EDIT: I know i haven't called a free function to free the memory. I don't see where I can put it because I need the memory until i run through all keys. Putting it outside the loops doesn't solve the problem because the leak occurs inside the loops
2nd EDIT: Posted the full program.

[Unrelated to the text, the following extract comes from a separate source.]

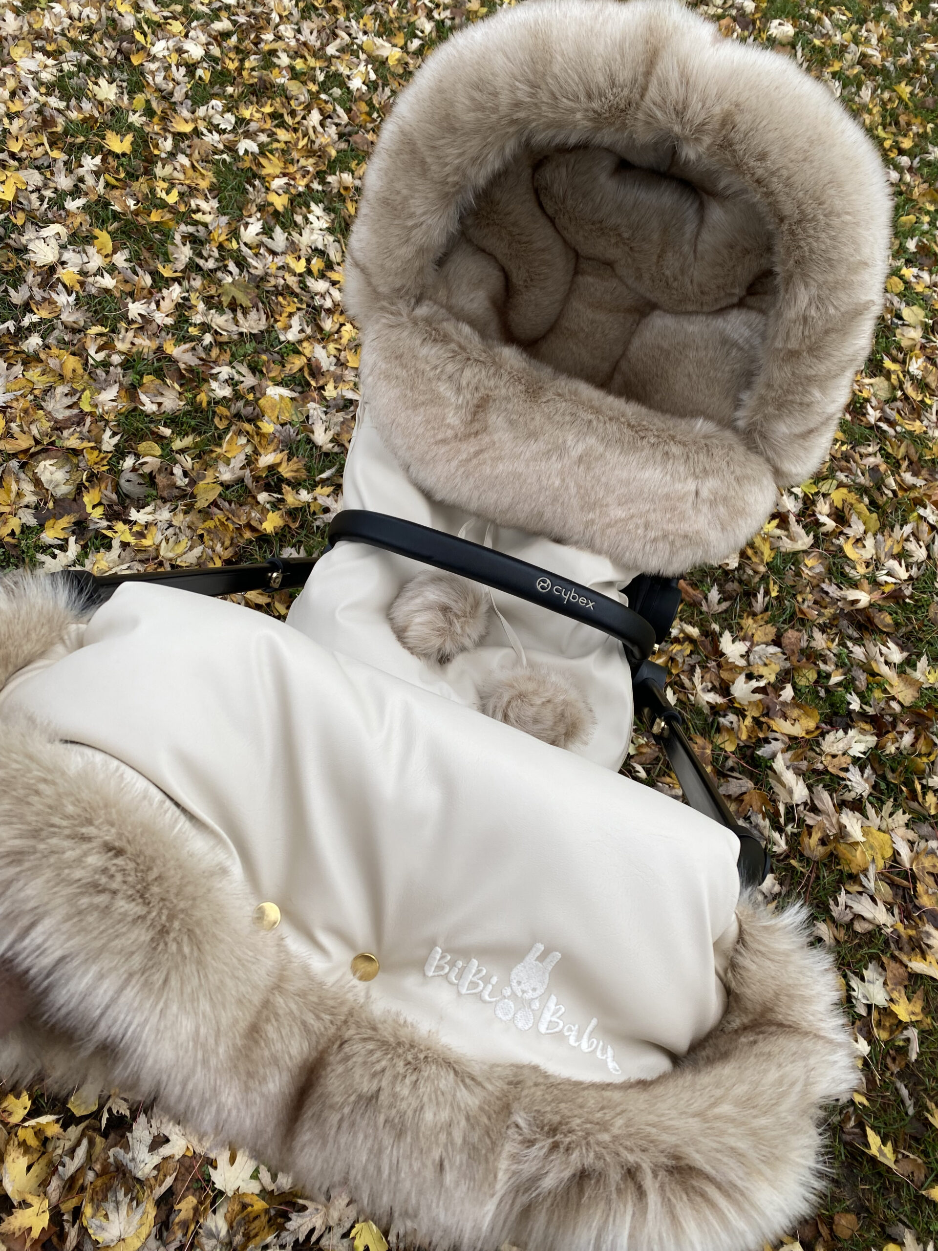 The winter set for the stroller is universal, it is suitable for most strollers (excluding strollers that have two separate handles – in this case, please contact us by email or phone). The set includes a universal sleeping bag measuring approximately 115 cm long by 48 cm wide, a universal muff and a fur collar approximately 110 cm long (if necessary, we will sew a longer collar if the circumference of the booth is larger) – the set does not include the booth.

I do not have the option of using data structures (i.e. the bool arrays) other than those shown because of how the DES encrypt function(which I did not write) works
#include <stdio.h>
#include <stdlib.h>
#include "des.h"
void dec2bin(bool *testaRR, bool *to_return, int convert);
int main(int argc, const char * argv[])
{
// insert code here...
bool testKey[56] = {
0, 1, 0, 0, 0, 0, 0, 1,
0, 1, 0, 0, 0, 0, 0, 1,
0, 1, 0, 0, 0, 0, 0, 1,
0, 1, 0, 0, 0, 0, 0, 1,
0, 1, 0, 0, 0, 0, 0, 1,
0, 1, 0, 0, 0, 0, 0, 1,
0, 1, 0, 0, 0, 0, 0, 1
};
bool testKey2[56] = {//intuitive key reversed for testing
1, 0, 0, 0, 0, 0, 1, 0,
1, 0, 0, 0, 0, 0, 1, 0,
1, 0, 0, 0, 0, 0, 1, 0,
1, 0, 0, 0, 0, 0, 1, 0,
1, 0, 0, 0, 0, 0, 1, 0,
1, 0, 0, 0, 0, 0, 1, 0,
1, 0, 0, 0, 0, 0, 1, 0
};
bool output[64];
bool input[64] = {//the reverse of below... DES bits are numbered left to right, in order of least to most significant so we must enter the bit values in reverse.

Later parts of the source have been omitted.